Oostenrijks hof vraagt EU-hof of Facebook met gebruikersdata GDPR ‘ondermijnt’

Het Oostenrijkse Hooggerechtshof heeft het Hof van Justitie van de Europese Unie gevraagd of Facebook juridisch gezien wel gebruikersdata mag verwerken. Dat las ik bij Tweakers. De vraag draait om het verschil tussen toestemming en een contract als grondslag om persoonsgegevens te mogen verwerken. Sinds de AVG van kracht is, houdt Facebook namelijk vol dat mensen bij hen een dienst met gepersonaliseerde advertenties bestellen (als in: een daartoe strekkende overeenkomst sluiten) zodat je het niet over toestemming hoeft te hebben. Eh, wat.

De vragen van het Hof komen (hoe kan het ook anders) uit een rechtszaak die de privacyvoorvechters van None Of Your Business hebben aangespannen. NOYB verzet zich op alle mogelijke manieren tegen de Amerikaanse dataplundering van Facebook en consorten, en dan is dit een logische stap.

Facebook had in het verleden altijd gezegd dat het zich beriep op toestemming. Maar sinds de AVG is toestemming een heikele, zo niet onmogelijke grond om mee te werken: toestemming kan op ieder moment worden ingetrokken en dat mag geen vervelende consequenties hebben. Logisch dus dat de Facebook-juristen al snel bedachten dat je beter op uitvoering overeenkomst kon gaan zitten, want dat is niet zomaar intrekbaar. Besteld is besteld, zeg maar.

De vraag is alleen: wát is er dan besteld. Waren dat die advertenties (graag met een onsje extra personalisatie en hee wat leuk, de doorverkoop voor militaire gezichtsherkenning is afgeprijsd, doe maar) of was dat de communicatiedienst, het kunnen chatten en lezen wat mijn vrienden online doen? Mijn idee was altijd het laatste, maar omdat de Facebook-juristen zo nadrukkelijk hameren op het eerste, moeten we daar een juridische discussie over gaan voeren.
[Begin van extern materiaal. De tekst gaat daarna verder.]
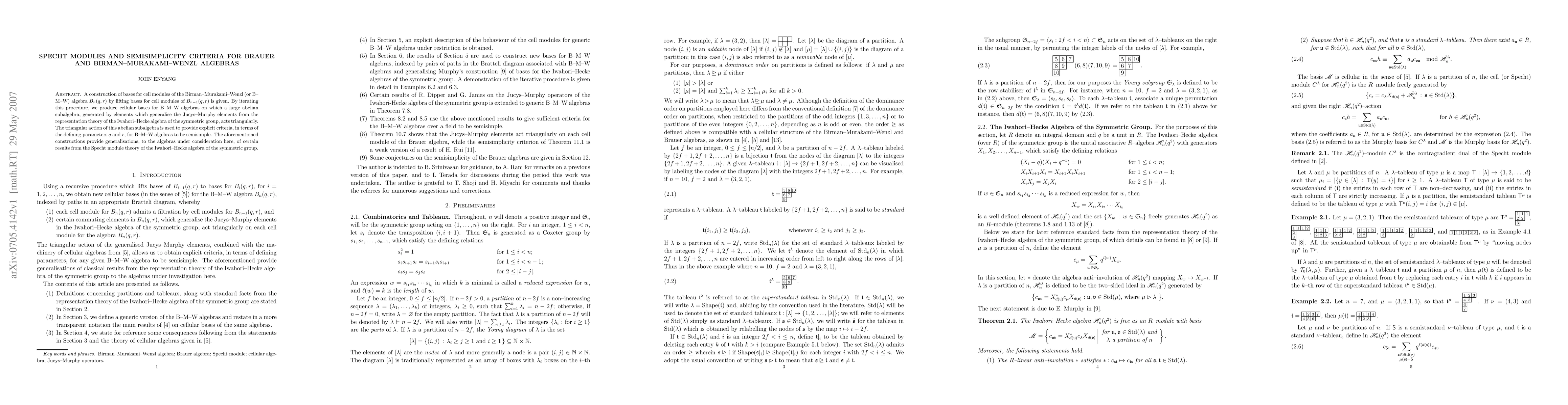 This paper constructs cellular bases for Birman-Murakami-Wenzl algebras by lifting bases from smaller algebras and shows that a large abelian subalgebra acts triangularly. It provides explicit semisimplicity criteria for these algebras based on their defining parameters, generalizing results from Specht module theory.
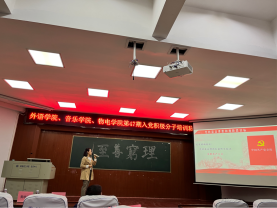11月15日晚,外语学院、304am永利集团、物电学院于6栋学术报告厅开展了第四十七期入党积极分子培训班的第三节党课培训。本次党课由外语学院党委书记王敏主讲,304am永利集团党委书记黄皓华主持。

Het Oostenrijkse Hof citeert allereerst een berg literatuur die hier vrij negatief over is: Facebook is steeds het standaardvoorbeeld van een dienst met het niet-essentiële aspect van advertenties erbij. Dat helpt niet voor de beeldvorming, zullen we maar zeggen. En dan concludeert men:

The objective purpose of the contract is decisive for the definition of “necessary” in the sense of Art. 6(1)(b) of the GDPR. Artificially or unilaterally imposed services cannot be subsumed under this. The necessity of data processing for the performance of a contract depends on whether there is a direct factual connection between the intended data processing and the specific purpose of the legal obligation. … The fact that the purposes of the processing are covered by contractual clauses formulated by the provider does not automatically mean that the processing is necessary for the performance of the contract.
Dat laatste is denk ik de kern: dat een partij zegt dát het hoort bij de dienst, maakt het nog niet écht noodzakelijk voor de dienst. Daarvoor is een objectieve toets nodig. Alleen: hoe ziet die toets eruit, en hoe veel speelruimte mag je daar dienstverleners in gunnen? Is bijvoorbeeld bij WhatsApp het noodzakelijk dat iedereen mijn profielfoto ziet, of is enkel de door mij ingevulde naam noodzakelijk om te tonen aan contacten? Of ook dat niet?

Tijd dus om de hoogste Europese rechter hier een uitspraak over te laten doen. Helaas duurt dat altijd wel een dik jaar.